На плечах, вращающихся по какой-то эксцентричной орбите

Прямо у храмов старого Пестума и насеста

Где Время расправляет свои крылья.

И теперь она бежит по ковру, пока вся Олимпия аплодирует — мама, бабушка и дядя, все хорошие греки, — и та темнокожая варварка, Партеанна Паркер, чьи стрелы пронзают насквозь, а не назад! Бабушка улыбается всему, а мама гадает, что сказал бы папа, если бы она когда-нибудь спустилась в Карлтон-Хаус. «Прошлой ночью» она в постели, мечтает о «довольных лицах» далеко-далеко. Но вот звучит труба, игры окончены; приходит какая-то Геба, и Эдит переносится. Не знаю куда; должно быть, на какое-то облако, ибо я там никогда не был.

Вопрос: что становится с ответами, которые Эдит обдумывает, но не может выразить? Она действительно бросает на вас взгляды, которые были еще до появления этого мира. Вы не можете почувствовать никакой разницы в возрасте, кроме того, что у вас длиннее ноги и руки.

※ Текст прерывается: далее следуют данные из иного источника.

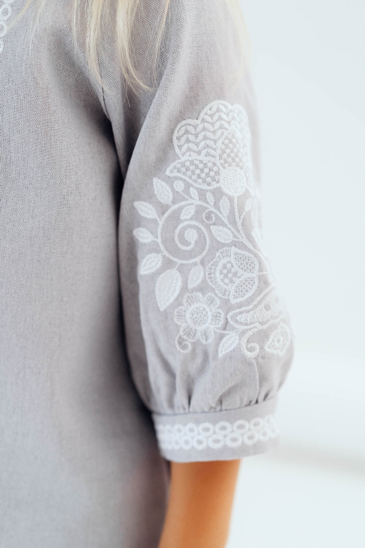 Склад: 55% льон, 45% віскоза. Вишитий орнамент: машинна вишивка
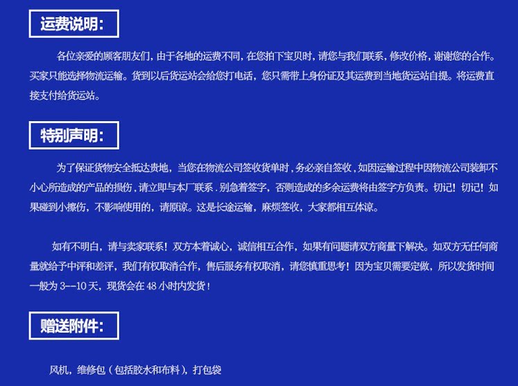 4.4. Сопутствующие аксессуары: с в подарок Соответствующий вентилятор, пожизненная гарантия в подарок Клей и ремонтные материалы.
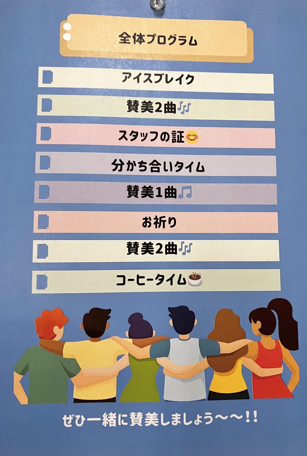 プログラム:アイスブレイク・うた・あかし・分かち合い・うた・おいのり・うた
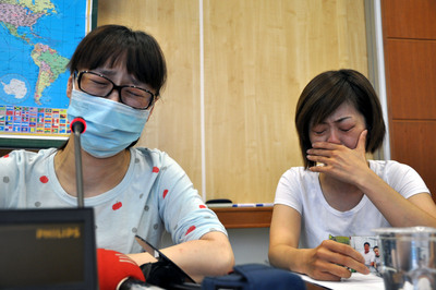 台湾“特宏兴368号”海上喋血,渔船船长与轮机长疑遭印尼渔工杀害。船长陈德生的两名女儿27日在记者会中难过落泪。(来源:台湾“今日新闻网”)

Миссис Эмерсон сказала, что я должен рассказать вам о домашних делах, когда я упомянул, что собираюсь писать. Возможно, вас проинформирует о состоянии всех нас то, что я просто скажу: я здоров и счастлив в вашем доме здесь, в Конкорде.

Ваш друг, Генри.

Не забудьте сказать нам, что делать с мистером Паркером, когда будете писать в следующий раз. Я читал лекцию на этой неделе. Это была такая же яркая ночь, как вы могли бы пожелать. Надеюсь, по этому случаю не было потрачено зря ни одной звезды.

[Часть того же письма, хотя и датированная двумя днями позже и написанная в совершенно ином стиле, как от одного мудреца другому, представляет собой этот постскриптум:]

12 февраля 1843 г.

Дорогой друг, поскольку пакет все еще задерживается, я пошлю вам несколько мыслей, которые я недавно переосмыслил, как последние публичные и частные новости.

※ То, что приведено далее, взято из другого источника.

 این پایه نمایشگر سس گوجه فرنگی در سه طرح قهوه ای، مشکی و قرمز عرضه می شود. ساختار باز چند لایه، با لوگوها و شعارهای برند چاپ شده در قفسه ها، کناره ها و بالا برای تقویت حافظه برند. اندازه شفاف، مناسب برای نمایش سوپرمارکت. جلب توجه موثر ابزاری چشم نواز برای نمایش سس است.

Как низменны наши отношения друг к другу! Давайте сделаем паузу, пока они не станут благороднее. Немного тишины, немного отдыха — это хорошо. Было бы достаточным занятием просто культивировать истинные отношения.

Самые богатые дары, которые мы можем преподнести, — наименее рыночные. Мы ненавидим доброту, которую понимаем. Благородный человек не делает такого дара, как свое полное доверие: ничто так не возвышает дающего и принимающего; это порождает истинную благодарность. Возможно, для дружбы существенно лишь то, чтобы одно жизненно важное доверие было возложено одним на другого. Я чувствую, что ко мне обращаются и проникают даже в отдаленные части моего существа, когда кто-то благородно проявляет, даже в мелочах, безоговорочную веру в меня. Когда такие божественные товары так близки и дешевы, как странно, что это должно быть открытием каждого дня! Угроза или проклятие могут быть забыты, но это мягкое доверие преображает меня. Я больше не от мира сего; оно действует динамически; оно меняет саму мою сущность. Я не могу делать то, что делал раньше. Я не могу быть тем, кем был раньше. Другие цепи могут быть разорваны, но в самую темную ночь, в самом отдаленном месте я волочу эту нить. Тогда вещи не могут случаться. Что, если бы Бог доверился нам на мгновение! Разве мы не стали бы тогда богами?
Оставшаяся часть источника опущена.